Sorprende, davvero, la scarsa lungimiranza dei governi. Si parla di rischio ambientale entro il 2020 e si propongono piani d’intervento per il 2050. Si parla di fame e povertà oggi, di mancato rispetto degli impegni sottoscritti e ripetutamente confermati, e si discute di una crescita degli aiuti assolutamente "virtuale", che prevede entro il 2010 (cioè fra 6/12 mesi) il recupero di ciò che non è stato fatto (ma documentabilmente promesso) negli ultimi 5 anni. Peccato che non si dica come, quando, con che risorse. Non c'è fino ad oggi, nei documenti ufficiali, neppure l'impegno - già annunciato pubblicamente - a recuperare risorse significative dalla DETAX, ovvero dalle accise degli stati. Un centesimo qua, un centesimo là, fino a costituire il grande salvadanaio. Neppure quello.

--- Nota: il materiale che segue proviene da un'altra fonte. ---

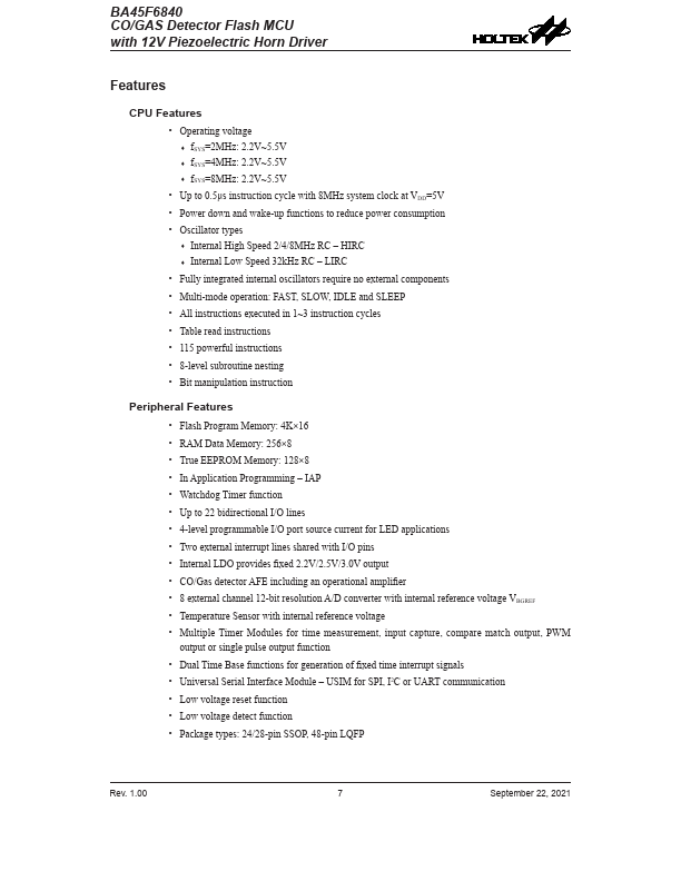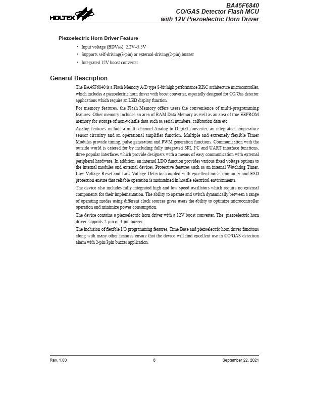 The BA45F6840 is a Flash Memory A/D type 8-bit high performance RISC architecture microcontroller, which includes a piezoelectric horn driver with boost converter, especially designed for CO/Gas detector applications which require an LED display function.
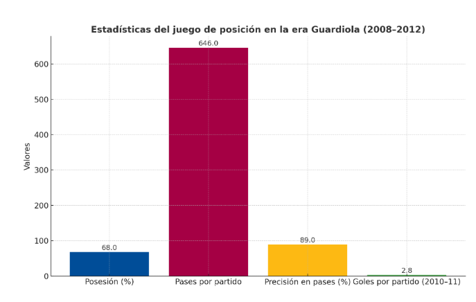 Durante el apogeo del Barça de Guardiola, el equipo alcanzó un promedio de 69% de posesión, marcó 2,8 goles por partido y registró un impresionante 72% de canteranos en el once inicial. Fue el momento más alto en términos de control del juego y protagonismo de jugadores formados en La Masía.
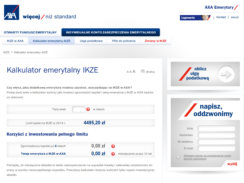 Dla AXA stworzyliśmy kalkulator emerytalny, a także wprowadziliśmy liczne poprawki i modyfikacje do strony ofertowej.
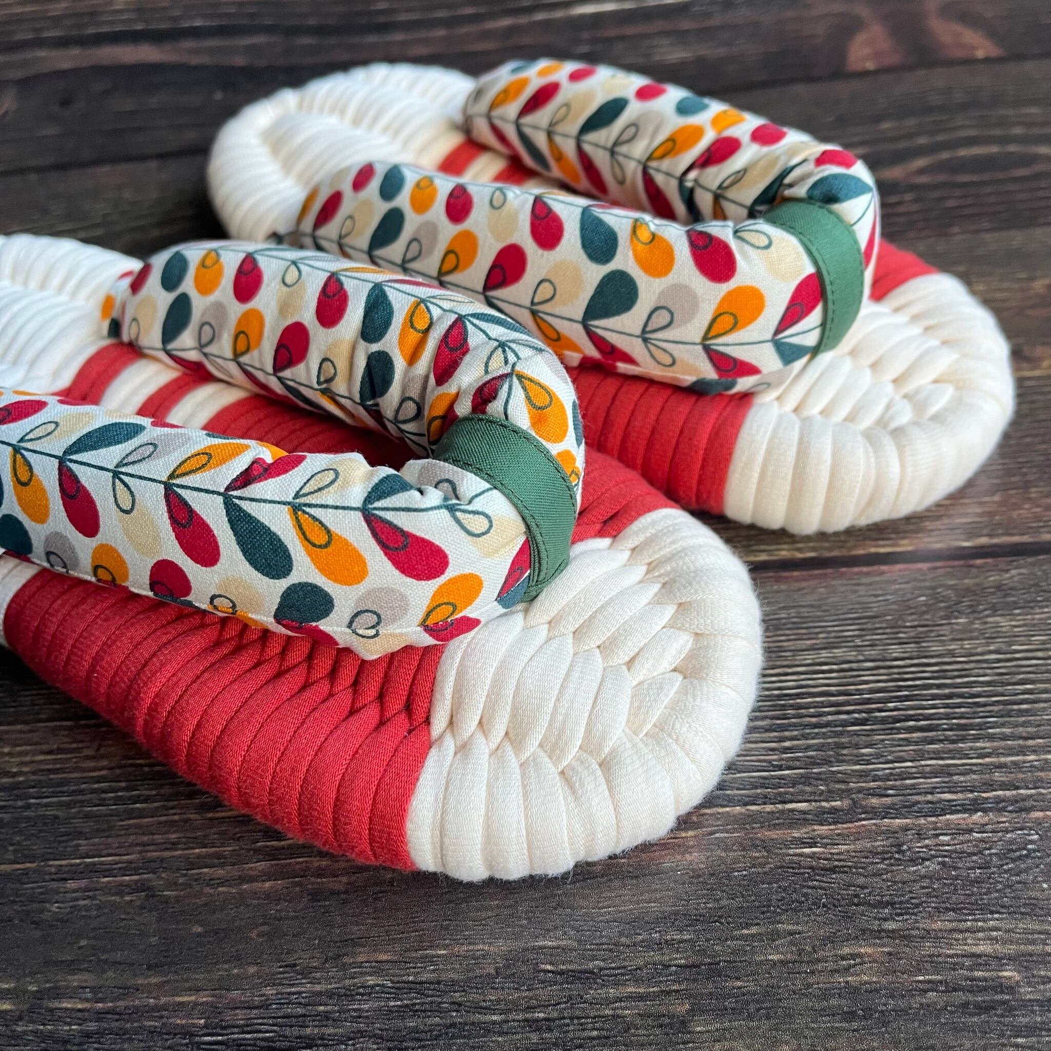 鼻緒には、フランスにて1987年創業し、インテリア生地を得意としているmfta社の上質な綿を用いました。カラフルなリーフが連なる柄は、フランスらしい配色がパッと目を引くデザインです。
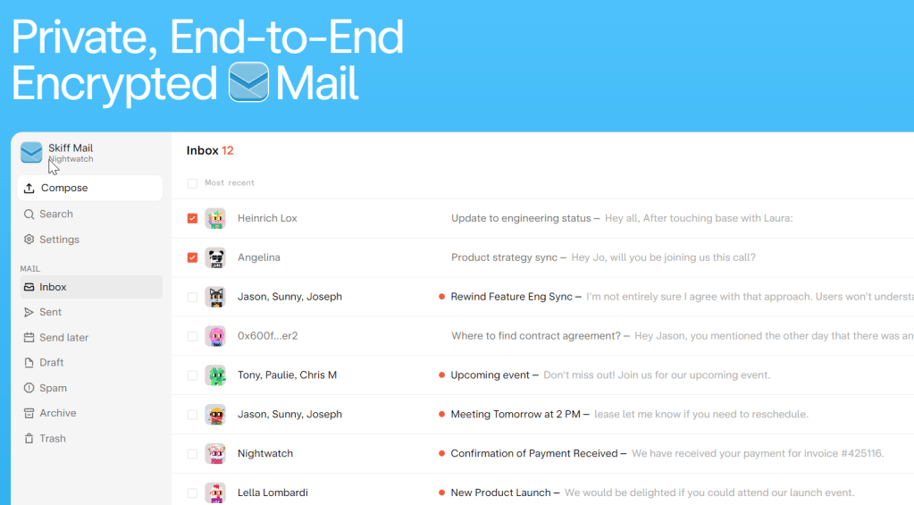 Skiff 在短短的运营期间中,获得了不少好评, 主要来自于那些注重数据所有权和隐私的用户。 这些用户不喜欢 Google 的大厂风格,尤其是拿用户数据去投放和训练。 (各位可以想想自己在Gmail 里面看到的穿插广告)。 而 Skiff 主打的 「端到端加密」以及「开源」都是让人放心的举措。
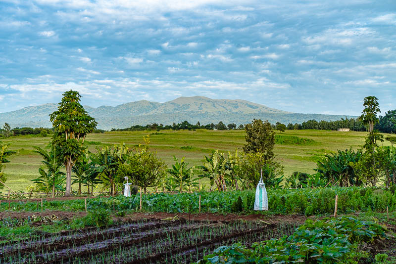 Blick über die Plantagen zu den Bergen am Kraterrand (Mt. Oldeani, 3.206 m und Makomba Peak, 2.967 m), die wir gestern in der Früh auf halber Höhe überquert haben.
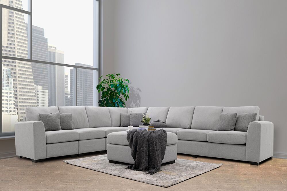 Discover the elegance of the Spencer Corner Sofa Set, complete with an ottoman, all luxuriously upholstered in premium fabric.
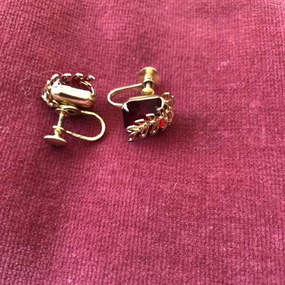 Gold Tone Earrings with Red Stone, Screw Clasp, Gold Tone Leaf on top of Stone, Excellent Condition
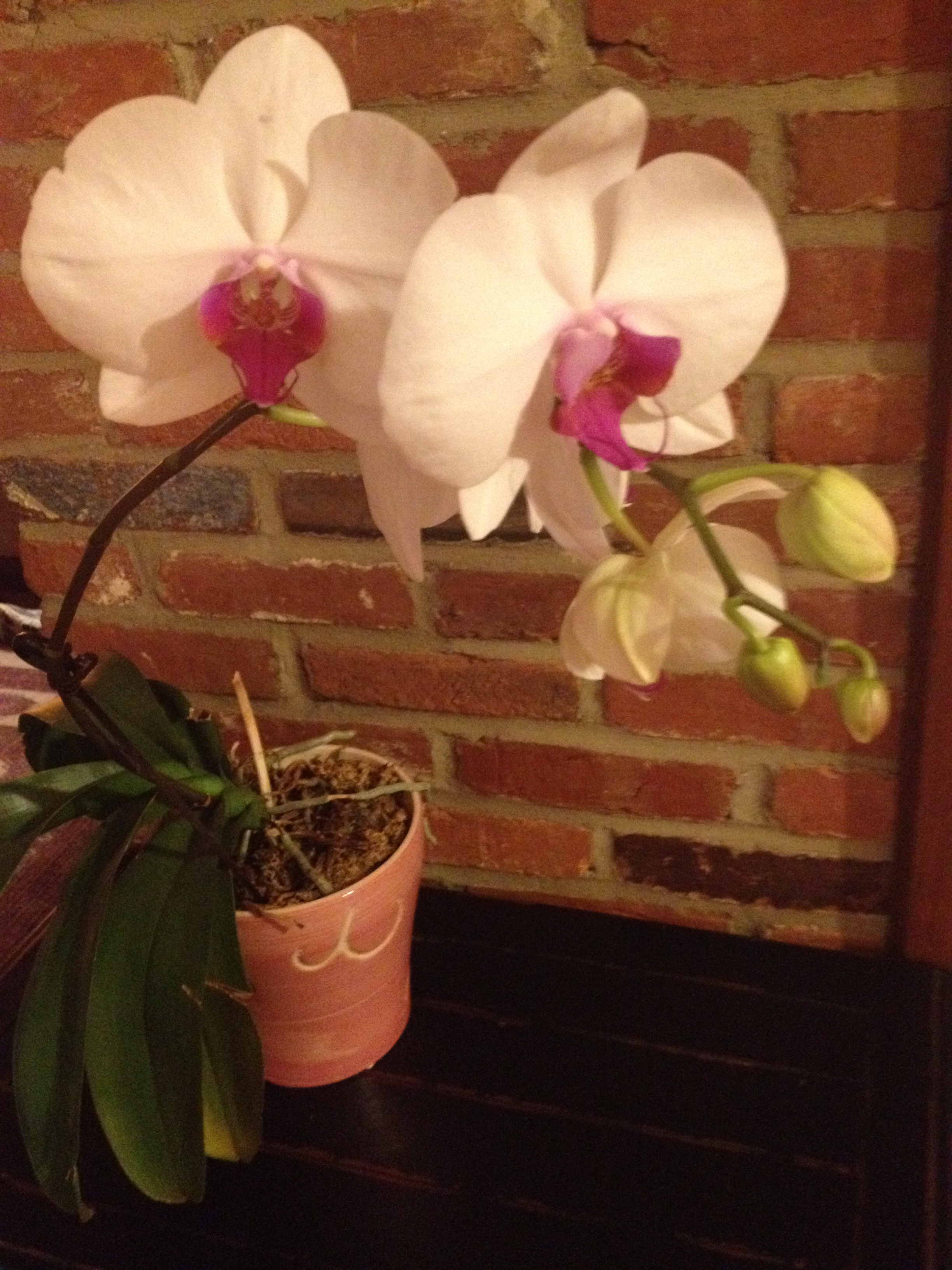 I do not have a green thumb, but today I am thinking about my orchid. I cannot remember what infraction my husband committed when he gave it to me, or if it was just a spontaneous romantic gesture, as he is prone to do. The amazing thing is I have managed to keep it alive for at least two years. And it has bloomed again. Like a phoenix that rises from the ashes. This bloom will last for several months.
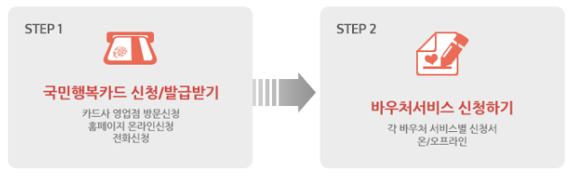 국민행복카드로 바우처 서비스를 이용하기 위해서는 국민행복카드를 발급 받은 후 바우처 서비스 신청을 별도로 하여야 합니다.
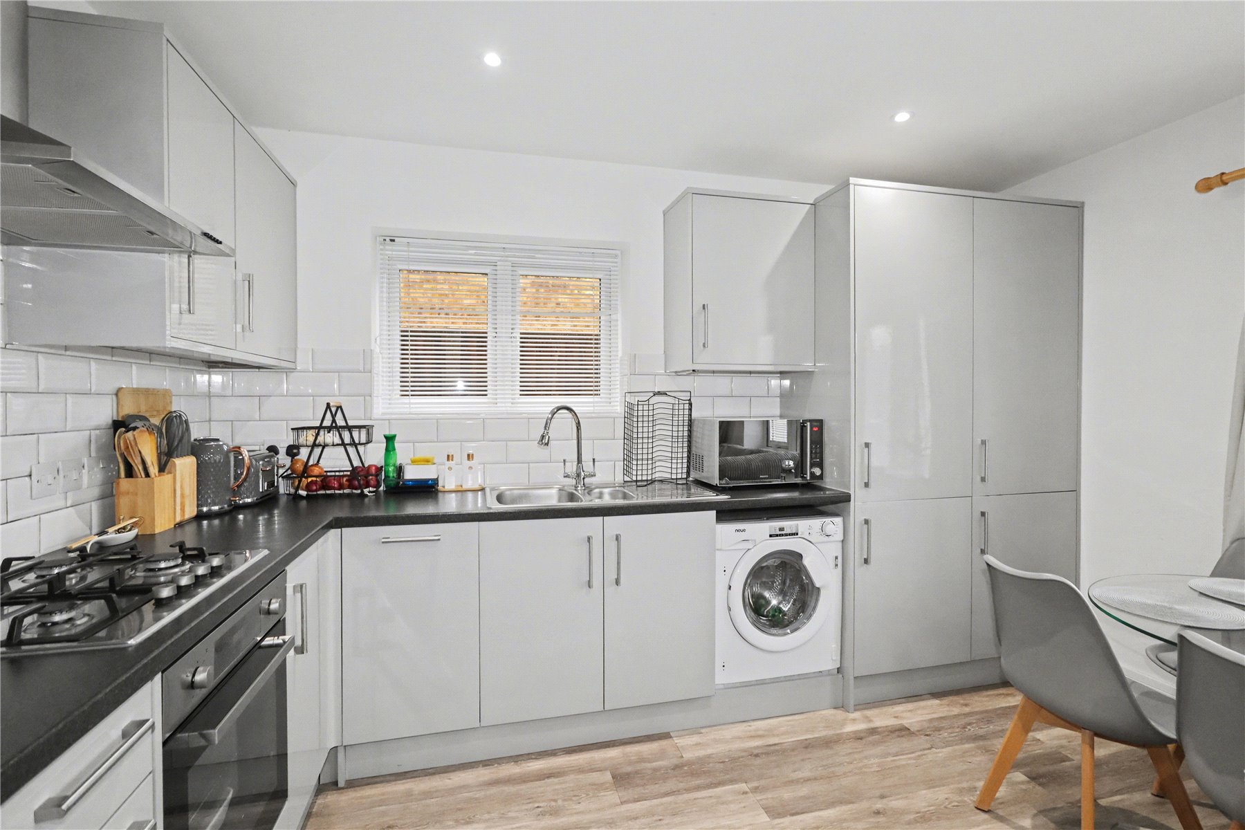 The accommodation comprises a generous open-plan kitchen/living room, a double bedroom and a modern bathroom. The kitchen is fitted with contemporary units and integrated appliances, and the property is served by gas central heating.
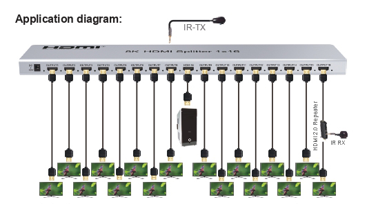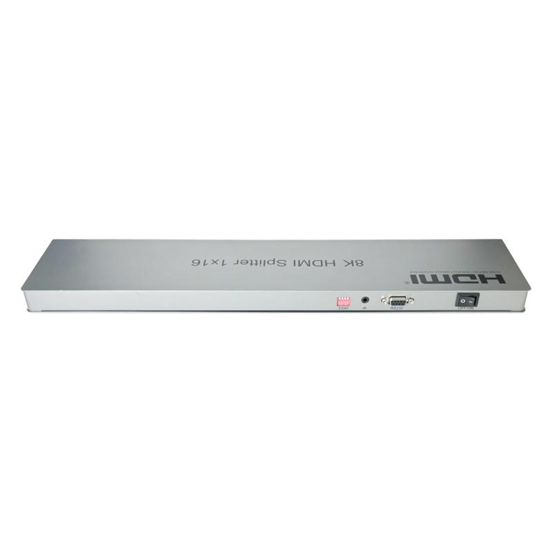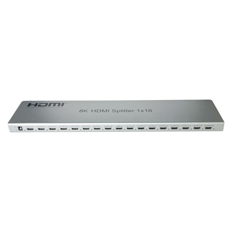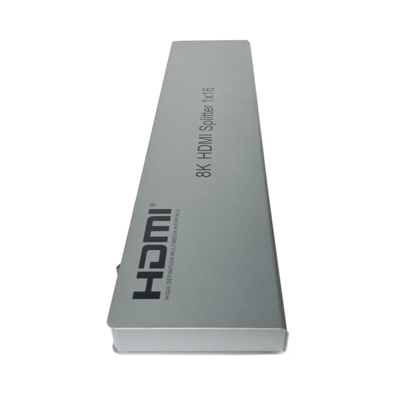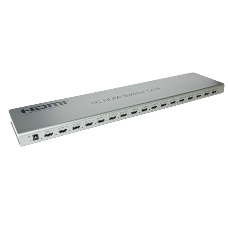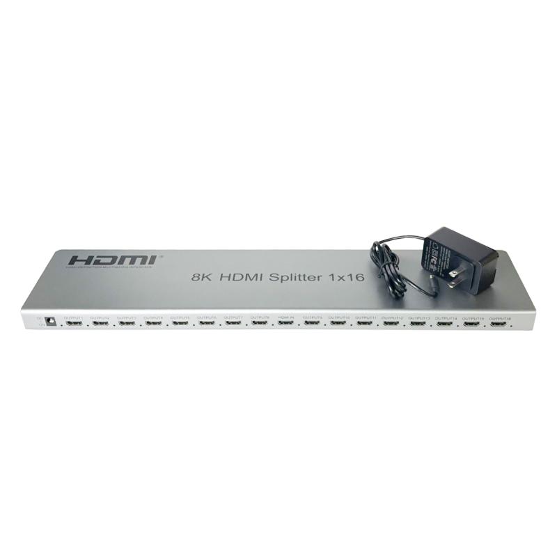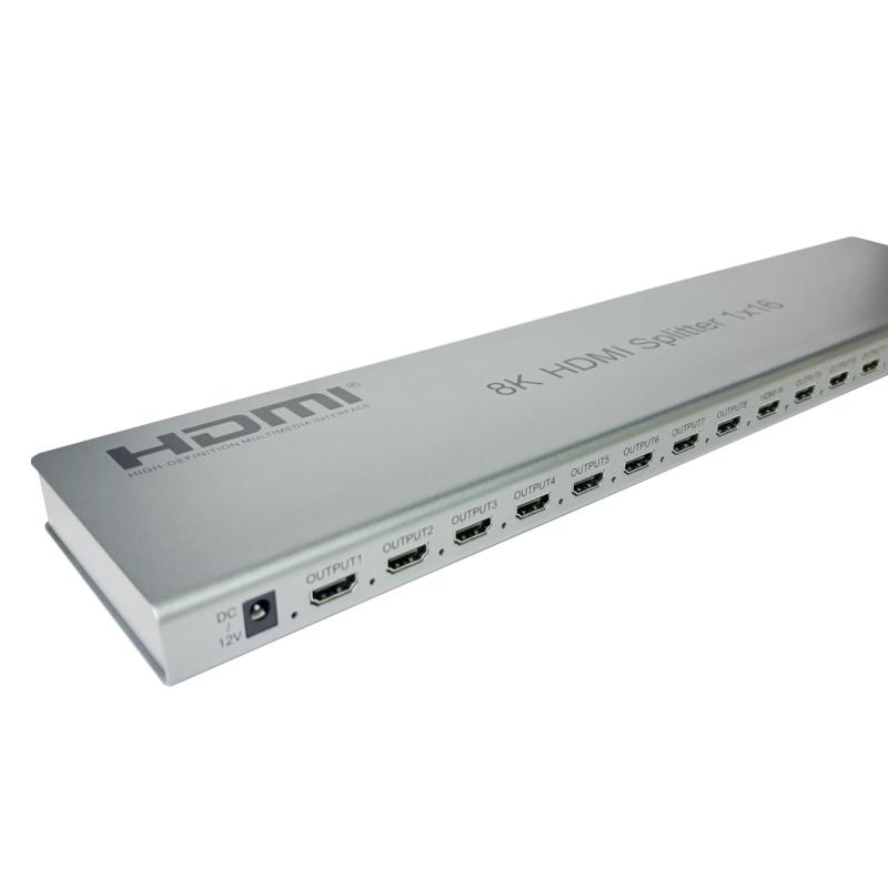 เป็นอุปกรณ์แบ่งสัญญาณ HDMI เข้า 1 ออก 16 ใช้แหล่งสัญญาณ HDMI เพียงแหล่งเดียว เพื่อเชื่อมต่อไปยังอุปกรณ์ปลายทาง HDMI หลายตัว ทำให้อุปกรณ์ HDMI เพียงเครื่องเดียวสามารถกระจายสัญญาณออกไปยังจอภาพหรือโปรเจ็กเตอร์ที่รองรับ HDMI ได้สูงสุด 16 เครื่อง ความละเอียดรองรับสูงสุดถึง 8K@60Hz ตัวอุปกรณ์ยังรองรับฟังก์ชันจัดการ EDID และมีโหมด EDID ให้เลือกทั้งหมด 8 แบบ ผู้ใช้งานสามารถเลือกใช้งานตามความต้องการของตนเองได้ อีกทั้งผลิตภัณฑ์รุ่นนี้ยังมีฟังก์ชันขยายสัญญาณ IR ในตัว สามารถทำงานร่วมกับอุปกรณ์ HDMI 2.0V repeater ของเรา ซึ่งมีตัวรับสัญญาณ IR-RX เพื่อรับคำสั่ง IR สำหรับควบคุมแหล่งสัญญาณได้

La proposta, che era già diventata il contributo italiano alla soluzione dei problemi del sottosviluppo, adesso si declina più o meno cosi: "Favoriremo (noi governi del G8) un coinvolgimento globale del settore privato e della nostra società civile per rafforzare le capacità produttive commerciali nei paesi in via di sviluppo". In altre parti, si cita (ma sono sempre poche righe) l’approccio dei "sistemi paese" ("whole of country" approach), dicendo, più o meno letteralmente, che "si valuteranno la fattibilità e la rilevanza di questo nuovo strumento di intervento, destinato a raccogliere le risorse di tutti gli attori, del settore pubblico, privato, della società civile, per massimizzare gli effetti e l’impatto degli aiuti". Come? Quando? Con che obiettivi di mobilitazione delle risorse? Con quali priorità? Ma soprattutto: Riducendo o aumentando l’impegno dei governi? Coordinando e definendo ruoli e regole o lasciando alla concorrenza del libero mercato l’autoregolamentazione delle responsabilità e della partecipazione? Perché questo è il problema.

Si dovrà garantire, nell’ipotesi di un ampio coinvolgimento dei sistemi produttivi, un equilibrio fra il desiderato raggiungimento di uno sviluppo equo e sostenibile dei beneficiari e la tensione al massimo profitto delle imprese.

Fare economia, creare mercati, non significa moltiplicare all’infinito i margini del profitto; significa semmai far crescere società più articolate e complesse, in grado di misurarsi responsabilmente con nuovi consumi e l’impatto di ricchezze per lungo tempo inaccessibili.

Chi si offre di governare, realisticamente, questi processi? La risposta, su cui ci permettiamo di dubitare, cita così: "Chiediamo all’OCDE di ragionare-elaborare ulteriormente questi innovativi concetti, e di renderne conto nel corso dei prossimi appuntamenti previsti per il 2010″. Quando, molto probabilmente, il G8 sarà definitivamente dichiarato superato."